Understanding the intent behind a user’s query can help search engine
to automatically route the query to some corresponding vertical search engines to
obtain particularly relevant contents, thus, greatly improving user satisfaction.
There are three major challenges to the query intent classification problem: (1)
Intent representation; (2) Domain coverage and (3) Semantic interpretation.
Current approaches to predict the user’s intent mainly utilize machine learning
techniques. However, it is difficult and often requires much human efforts to meet
all these challenges by the statistical machine learning approaches. In this paper,
we propose a general methodology to the problem of query intent classification.

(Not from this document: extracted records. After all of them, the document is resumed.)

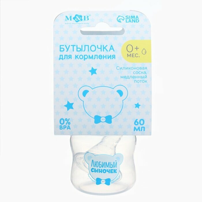 Бутылочки Mum&Baby Бутылочка для кормления 60 мл., «Любимый сыночек», цвет голубой
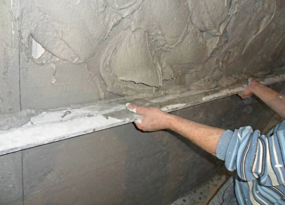 Следующий шаг – нанесение рабочего раствора на основание. Обычно процесс выполняется путем набрасывания с помощью мастерка. Специалисты с целью ускорения процесса пользуются строительным ковшом. Формирование слоя происходит начиная снизу. Так оседающую под собственным весом штукатурку проще будет правилом своевременно убирать со стен.
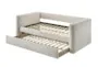 The Kerrington White Twin Upholstered Daybed with Pull-Out Twin Trundle is a versatile and stylish addition to any bedroom or kids' room. Its casual design and soft white faux fur upholstery create a cozy and inviting atmosphere. The daybed features a pull-out twin trundle, providing extra sleeping space for guests or siblings.

With very little human effort, our method can discover large quantities of intent
concepts by leveraging Wikipedia, one of the best human knowledge base. The
Wikipedia concepts are used as the intent representation space, thus, each intent
domain is represented as a set of Wikipedia articles and categories. The intent of
any input query is identified through mapping the query into the Wikipedia
representation space. Compared with previous approaches, our proposed method
can achieve much better coverage to classify queries in an intent domain even
through the number of seed intent examples is very small. Moreover, the method is
very general and can be easily applied to various intent domains. We demonstrate
the effectiveness of this method in three different applications, i.e., travel, job, and
person name. In each of the three cases, only a couple of seed intent queries are
provided. We perform the quantitative evaluations in comparison with two baseline
methods, and the experimental results shows that our method significantly
outperforms other methods in each intent domain.